(One wonders if this 'czar' will be any more effective than other 'czars' in
the US government.......rf)

Lawmakers OK anti-piracy czar
Federal program part of $388 billion omnibus bill
Hollywood Reporter
Updated: 8:00 p.m. ET Nov. 23, 2004
http://msnbc.msn.com/id/6567896/

Buried inside the massive $388 billion spending bill Congress approved last
weekend is a program that creates a federal copyright enforcement czar.

Under the program, the president can appoint a copyright law enforcement
officer whose job is to coordinate law enforcement efforts aimed at stopping
international copyright infringement and to oversee a federal umbrella
agency responsible for administering intellectual property law.

Intellectual property law enforcement is divided among a range of agencies
including the Library of Congress, the Justice and State departments and the
U.S. Trade Representative.

It is hoped that designating a single overseer to coordinate copyright law
enforcement will put some cohesion into the federal effort, said one Senate
Appropriations Committee aide.

"You need a head. You need someone who has to answer," the aide said. "If
staffed out and funded by a number of different agencies, it never does
anything. Agencies don't want to give up good people. When you don't have an
agency responsible, their attitude gets to be, 'I don't have to do anything
about it."'

Council funded for the first time

The legislation, part of the bill funding Justice Department operations,
also for the first time funds the National Intellectual Property Law
Enforcement Coordination Council (NIPLAC).

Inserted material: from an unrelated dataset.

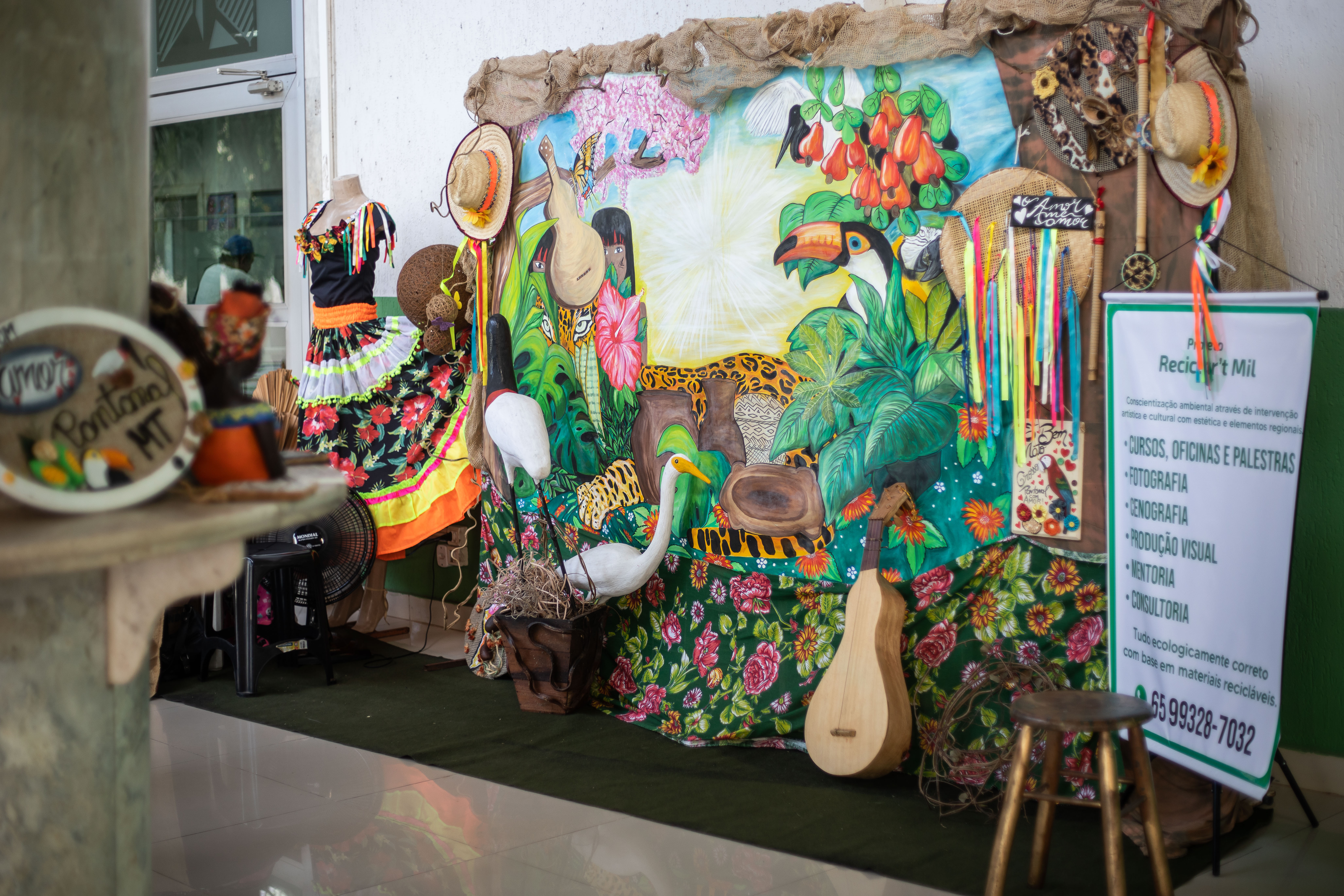 Quem passa pela Prefeitura de Cuiabá, no Palácio Alencastro, região central da capital, está tendo a oportunidade de conhecer um pouco sobre o projeto Reciclart Mil, que ganhou como tema especial nesta edição "Meio Ambiente Sou Eu". No saguão principal do prédio, foi montado um cenário tipicamente regional, com artigos da cuiabania, todos produzidos com materiais reciclados, onde as pessoas são convidadas a registrar o momento por meio de um ensaio fotográfico regional, em comemoração ao aniversário de 305 anos da cidade.

NIPLAC is charged with establishing policies, objectives and priorities
designed to protect American intellectual property overseas and to
coordinate and oversee implementation of intellectual property law
enforcement throughout the government. While NIPLAC has been around since
the early 1990s, it has never done anything, and appropriators hope that
giving the organization $2 million and a new charter will make the office
effective.

"This is an effort to get some air under the wings of that interagency
effort," the aide said. "NIPLAC is a good idea, but it hadn't taken off. You
really couldn't point to anything they'd ever done."

Congressional aides say Sen. Judd Gregg, R-N.H., chairman of the Senate
subcommittee that doles out funding for the Commerce, Justice and State
departments, and Sen. Ted Stevens, R-Alaska, chairman of the full Senate
Appropriations Committee, took a personal interest in ensuring that NIPLAC
was kept in the omnibus spending bill.

But their ambitions for a more robustly funded program were scaled back.
Originally the subcommittee had designated $20 million for the program, but
fiscal reality forced lawmakers to agree to one-tenth of that.